A Demographic Analysis of AI-Generated Images.

This lab report will investigate the presence of demographic bias in AI-generated images while we only focus on three very different professions (pharmacist, babysitter, and mechanical engineer). We believe that AI image generators do not reflect the actual demographic makeup of the U.S. population and instead overrepresent certain groups while actively underrepresenting others.
Using Rabbithole, we generated 100 images of each profession. Then, we categorized them based on age, race, and gender and compared these outputs to current U.S. demographic statistics to prove our hypothesis. Doing that, our findings indicated that AI-generated images do not accurately reflect real-world diversity instead, they frequently reinforce stereotypes. These results suggest a need for more inclusivity in the datasets these AI-image generators use.

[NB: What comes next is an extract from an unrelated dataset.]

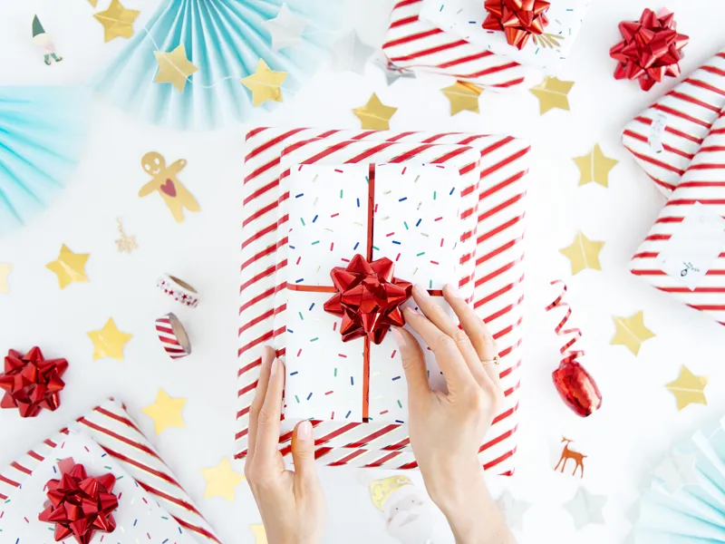 Przeszywana girlanda Gwiazdki wykonana z folii w kolorze złotym lustrzanym, długość ok. 3,6 m, wysokość ok. 5 cm.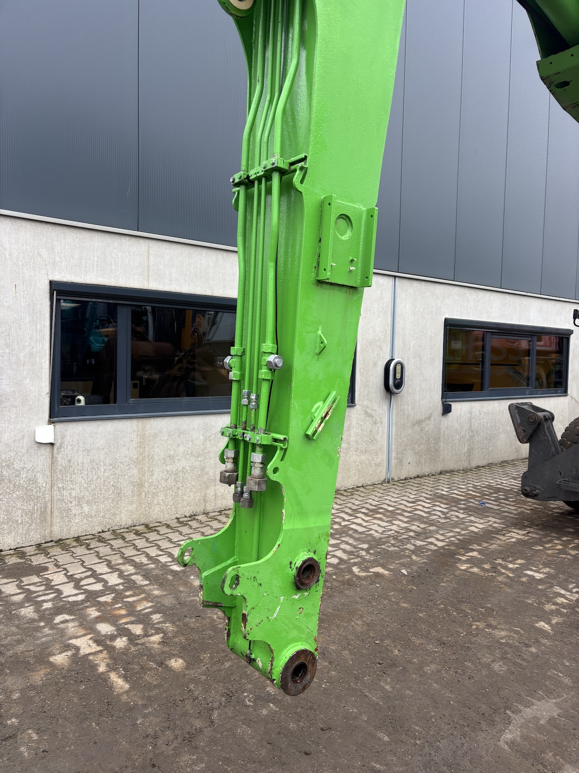 This Sennebogen 818 ULM is equipped with a 4 cilinder water cooled turbo charged Cummins QSB4.5 (97kW) diesel engine with just 8659 working hours on the service meter. ULM stick, high rise cab, full rubber tires, 4 outriggers, central lubrication, airco, radio etc..

Artificial intelligence image generators, like artificial intelligence itself, have been taking over the modern world. These AI image generators have quickly become powerful tools that are used to create very realistic results from just a simple text prompt like “pharmacist”, “babysitter”, “mechanical engineer”, etc. But, as the use of these tools grows rapidly, so do the concerns about the bias in the outputs that these models are producing. Bias in AI-generated images can appear in different shapes or forms, including here underrepresentation or stereotypical depictions of race, gender, age, etc. These outcomes reflect the data that trains these models, data which often lacks diversity, data that reflects social inequalities that are already embodied in online media. As a result of this, AI systems purposefully or not, may reinforce stereotypes and marginalize certain groups even if they claim to offer “creative freedom” or “technological neutrality”.
Yiran Yang (2025), writing for the journal AI & Society, explored racial bias in AI-generated images and provides compelling visual examples of how image generation systems often reflect a narrowed or stereotyped view of cultural and racial diversity. Her article critiques the tendency of AI tools to marginalize other racial identities while favoring White or East Asian features. Yang’s background as a technology law researcher and a woman of Asian descent adds depth to her perspective because she is not only analyzing just the technical dimension of bias, but also its social and cultural implications. Her work is particularly relevant to our lab experiment because just like Yang, we are analyzing AI-generated portraits for demographic bias and are evaluating if these systems present a narrow view of gender, age, and/or racial diversity compared to the actual U.S population demographics. Her article supports are hypothesis that these biases are systematic and deeply rooted in the design choices and data behind generative AI. While Yang focuses on racial and cultural representation in creative image generation, we also wanted to find something more technical with high stake domains, which can affect people in real life. A peer-reviewed article by Yetisgen-Yildiz and Yetsigen (2024), published in Diagnostic and Interventional Radiology, examines how AI is used in medical imaging also shows bias, leading to often producing less accurate diagnostic results for the more underrepresented groups. The article presents different examples of skewed performances when AI systems were trained on more non-diverse datasets, which led to misdiagnoses and overlooked health conditions in patients of color. Even though this research promotes a more medical/health care perspective, it doesn’t fail to reinforce a key point very relevant to our experiment: the input data used to train AI systems ultimately shapes the fairness of the output. Whether it is generating portraits or reading radiology scans, Ai tools more often than not carry forward the same inequalities unless datasets and design strategies are actively balanced and inclusive.
Finally, to further support this argument, a 2024 study published in the Journal of Family Medicine and Primary Care highlights that AI-generated images inaccurately portray the demographics of surgical specialists. The authors, who are all AI and medical researchers, analyzed outputs from DALL-E 3 and found a significant underrepresentation of women and black individuals when prompted with roles like “microsurgeon” or “plastic surgeon”. Like Yang’s study, this work reflects how bias in AI-generated imagery extends beyond entertainment or marketing into critical areas like medicine, where representation has tangible impacts. This study is perfect for our lab report because it focuses on a single AI system, its structured methodology and alignment with broader concerns about AI fairness make it a valuable addition to understanding bias in generated visuals. Together, these sources provide a well-rounded foundation for our lab report, which investigates the visual representation of race, gender, and age in AI-generated images. Our experiment builds on these studies by comparing actual U.S. demographic data to the outputs of leading image generators. The research reviewed here suggests that AI tools, unless intentionally corrected, reflect and potentially amplify societal bias—making this an urgent issue for developers, users, and policymakers alike.

Our Hypothesis:

AI image generators do not reflect the actual demographic makeup of the U.S. population and instead overrepresent certain groups while actively underrepresenting others, particularly in the context of race, age and gender.

Materials and Methods

Materials:
AI image generator: RABBIT HOLE
Prompt list: “Pharmacist,” “Babysitter,” “Mechanical Engineer”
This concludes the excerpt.